The export interval (OTEL_METRIC_EXPORT_INTERVAL, default 60000 ms; 15000 shown above) controls how often the reader flushes — and therefore how fresh your exemplars are. A shorter interval gets exemplars onto the panel faster at the cost of more export traffic. The full set of SDK env vars that govern this pipeline:

Env var	Controls	Recommended for Prometheus	Default
`OTEL_METRICS_EXEMPLAR_FILTER`	Which measurements become exemplar candidates	`trace_based`	`trace_based`
`OTEL_EXPORTER_OTLP_METRICS_TEMPORALITY_PREFERENCE`	Cumulative vs delta	`cumulative`	varies by SDK
`OTEL_METRIC_EXPORT_INTERVAL`	Reader flush interval (ms)	15000–30000	60000
`OTEL_EXPORTER_OTLP_METRICS_ENDPOINT`	Where metrics go	Collector or Prometheus OTLP receiver	—
`OTEL_EXPORTER_OTLP_METRICS_PROTOCOL`	`grpc` or `http/protobuf`	match the endpoint	`grpc`
`OTEL_TRACES_SAMPLER`	Head-sampling strategy	`parentbased_traceidratio`	`parentbased_always_on`
`OTEL_TRACES_SAMPLER_ARG`	Sampling ratio	e.g. `0.05`	`1.0`

The exemplar wire format, byte for byte

To debug a missing exemplar you have to know what it looks like on the wire at each hop. There are two representations: the OTLP form (protobuf, between SDK ↔ Collector ↔ Prometheus OTLP receiver) and the Prometheus / OpenMetrics form (text exposition and the remote-write/query-API representation).

OTLP exemplar (inside a histogram data point)

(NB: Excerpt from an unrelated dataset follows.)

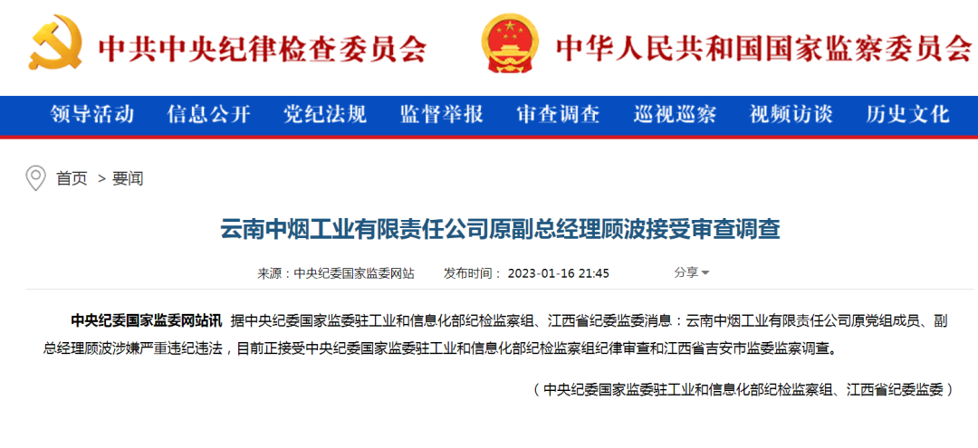 云南中烟工业有限责任公司原党组成员、副总经理顾波涉嫌严重违纪违法,目前正接受中央纪委国家监委驻工业和信息化部纪检监察组纪律审查和江西省吉安市监委监察调查。

In OTLP, every HistogramDataPoint (and ExponentialHistogramDataPoint) carries a repeated exemplars field. Each Exemplar message has these fields:

OTLP `Exemplar` field	Type	Meaning
`time_unix_nano`	fixed64	Wall-clock time the measurement was recorded
`as_double` / `as_int`	double / sfixed64	The exemplar’s value (one of the two)
`filtered_attributes`	repeated KeyValue	Attributes present at record time but not part of the metric’s identifying attribute set
`span_id`	bytes (8)	The active span’s ID at record time
`trace_id`	bytes (16)	The active trace’s ID at record time

Two subtleties. First, trace_id and span_id are raw bytes in OTLP (16 and 8 bytes), not hex strings — the hex you see in Grafana is a rendering. Second, filtered_attributes holds the attributes that were on the measurement but are not part of the metric’s label set, so the exemplar can carry extra context (a user.id, a pod name) without inflating metric cardinality. This is why exemplar attributes can be richer than metric labels.

Prometheus / OpenMetrics exemplar (text exposition)

When exposed in OpenMetrics text format (the /metrics exposition that a Prometheus exporter or the Collector prometheus exporter emits), an exemplar is appended to a sample line after a #:

# HELP http_server_request_duration_seconds Duration of HTTP server requests
# TYPE http_server_request_duration_seconds histogram
http_server_request_duration_seconds_bucket{http_route="/orders/{id}",le="0.5"} 24863 # {trace_id="4bf92f3577b34da6a3ce929d0e0e4736",span_id="00f067aa0ba902b7"} 0.483 1.7160000e9
http_server_request_duration_seconds_bucket{http_route="/orders/{id}",le="1.0"} 25102 # {trace_id="9c2e...",span_id="b7ad..."} 0.842 1.7160001e9

Reading that line: the series and its labels, then the bucket count, then #, then the exemplar’s labels (which must include the trace_id), then the exemplar’s value, then the exemplar’s timestamp. The format pieces:

Part	Example	Notes
Series + labels	`..._bucket{http_route="/orders/{id}",le="0.5"}`	The `_bucket` series the exemplar attaches to
Sample value	`24863`	Cumulative bucket count
Separator	`#`	Marks the start of the exemplar
Exemplar labels	`{trace_id="4bf9…",span_id="00f0…"}`	Must include `trace_id`; OpenMetrics caps total label length
Exemplar value	`0.483`	The observed value that fell in this bucket
Exemplar timestamp	`1.7160000e9`	Unix seconds (float); when it was observed

Constraints that bite: OpenMetrics limits the combined length of an exemplar’s labels (so you cannot stuff arbitrary context into the trace_id line — keep it to the IDs plus a tiny amount), exemplars are only valid on _bucket, _count, and _sum-style lines (and counters), and the exemplar timestamp is the observation time, which is what lets Grafana place the diamond at the right point on the X axis rather than at scrape time.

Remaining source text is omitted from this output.